# Prayers Requested



## Bill Mattocks (Mar 24, 2011)

One of my sensei, an Isshin-Ryu Yon-Dan, had a serious heart attack yesterday - I just found out at the dojo tonight.  He's a great guy, going through some tough times, a fellow diabetic like myself.  Wife and three wonderful children.  I would ask for prayers, good thoughts, whatever you can spare.  Thanks!

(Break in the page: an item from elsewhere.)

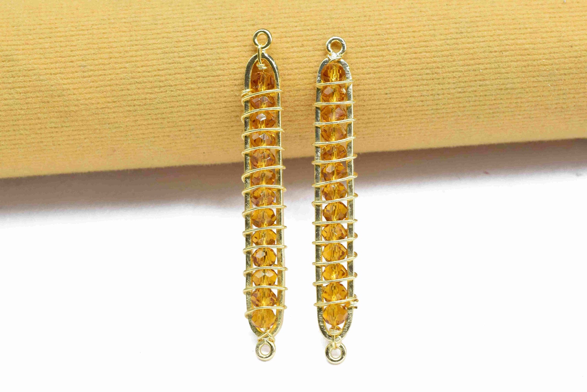 .Citrine Quartz beaded Bar Finding Connector,Gemstone Bar Pendant Necklace,Bar Bracelet,Beaded Bar Finding Component,Citrine Quartz jewelry

http://hollowaysisshinryu.com/instructors/




Holloway's Isshin-Ryu Karate Christmas Party 2010 by Wigwam Jones, on Flickr


----------



## Touch Of Death (Mar 24, 2011)

I wish he and his family the best. My prayers are with you.
Sean


----------



## seasoned (Mar 24, 2011)

Sorry to hear this, Bill. My prayers are with him and his family.


----------



## LuckyKBoxer (Mar 24, 2011)

I am not the praying sort, but this is something I wish noone would have to deal with. I hope him nothing but a fast and complete recovery, and long and healthier life after this, and good things for his family friends and students.
Take care!


----------



## David43515 (Mar 24, 2011)

Prayers for him and his family.


----------



## elder999 (Mar 24, 2011)

In our prayers, Bill....


----------



## granfire (Mar 25, 2011)

In my thoughts and prayers.


----------



## Aikicomp (Mar 25, 2011)

Thoughts and prayers Bill. Send me his name and I'll put him in the Prayer of the Faithfull this week at Mass and ask our Priest to keep him in his prayers.

genleejujitsu@optimum.net

Michael


----------



## seasoned (Mar 25, 2011)

Aikicomp said:


> Thoughts and prayers Bill. Send me his name and I'll put him in the Prayer of the Faithfull this week at Mass and ask our Priest to keep him in his prayers.
> 
> genleejujitsu@optimum.net
> 
> Michael


 

Sensei Eli Uballe, Yon Dan, Isshin-Ryu


----------



## fangjian (Mar 25, 2011)

Sorry to hear. I hope that he has a successful recovery.


----------



## punisher73 (Mar 25, 2011)

Done.

Please give us updates on his progress if you are able.


----------



## shesulsa (Mar 25, 2011)

Prayers going up, Bill.


----------



## Aiki Lee (Mar 25, 2011)

God be with him and all that know him.


----------



## Blade96 (Mar 25, 2011)

Poor sensei! 

hope he gets better.


----------



## Brian R. VanCise (Mar 25, 2011)

Paryers sent that way Bill!  I hope he makes a speedy recovery!


----------



## Sukerkin (Mar 25, 2011)

The very best of sincere good wishes for his recovery.  May the determination that has borne him to his yondan serve him well in his time of illness :sensei rei:.


----------



## Amoroque (Mar 25, 2011)

Prayers sent for a complete and speedy recovery.


----------



## Bill Mattocks (Mar 25, 2011)

I regret to announce that Sensei Uballe has passed.  I have started a new thread in the Memorials forum.  Thank you all for your kind thoughts and prayers.


----------



## granfire (Mar 25, 2011)

Godspeed.


----------